9.      Mental Inactivity. While meditating, make sure not to think actively of whatever images, save for the theme you will meditate about. You can opt to meditate without a theme. ‘Empty-mind’ yoga is what zen prescribes, and this technique is difficult for most people to do. I rather recommend the ‘passive thinking’ rather than ‘zero thinking’ technique: observe thoughts that come to your mind, don’t block them, simply observe them as they come, but don’t actively produce thoughts. Guaranteed it is easy to meditate this way. In my case, I was trained to meditate using counting, and so I count a number from inhale to exhale phase, two for the next phase, and so on. 100 counts often equate to 15 minutes, so I don’t have to use a watch or clock to measure time while meditating. 200 counts is 30 minutes more or less.

 

10.  Theme Meditation. After doing the initial focus and conditioning (first 15-22 counts), you can move on to your meditation theme if you opt for this.

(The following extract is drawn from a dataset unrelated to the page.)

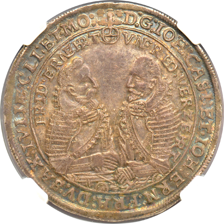 Description: Vida D. Bertie's Consignment. KM#17; obv: D: G: IOH: CASI: ET: IOH: ERN: FRA: DV: SAX: IVLIÆ: CLI: ET: MO; rev: LANDG: THV: MAR: MIS: COM: MAR: ET: RAVENS: DN: IN: RAV: WA. Battleship-grey toning adorns each side, relieved within portions of the peripheral design by some lovely iridescent indigo-jade color. The numismatic idea of positioning both portraits of co-rulers on a single side of a coin evolved around 1542 when the Ernestine and Albertine lines of the House of Wettin struck coinage jointly. CATALOGER'S NOTE: This coin serves as the "plate coin" for the KM type on NGC's World Coin Price Guide.

If counting distracts you, then move on to the theme without counting. Follow the mental inactivity state. When your theme is optimized, move on to the theme-less state, observe the flow of energy, observe the singing of birds in the surrounds, observe the wonderful power of silence, and so on. Then end your meditation.

 

11.  Ending. When ending meditation, go back to your regular breathing. If you meditated for half an hour, breath regularly for at least 10 minutes or 100 counts before standing up. The regular breathing will help bring back your nervous system to regular mode. And don’t just stand up abruptly after the process. For at least two (2) minutes, savor the quietude, the fine environment, the wonderful moment. Meditation should make you exude good mood and harmony.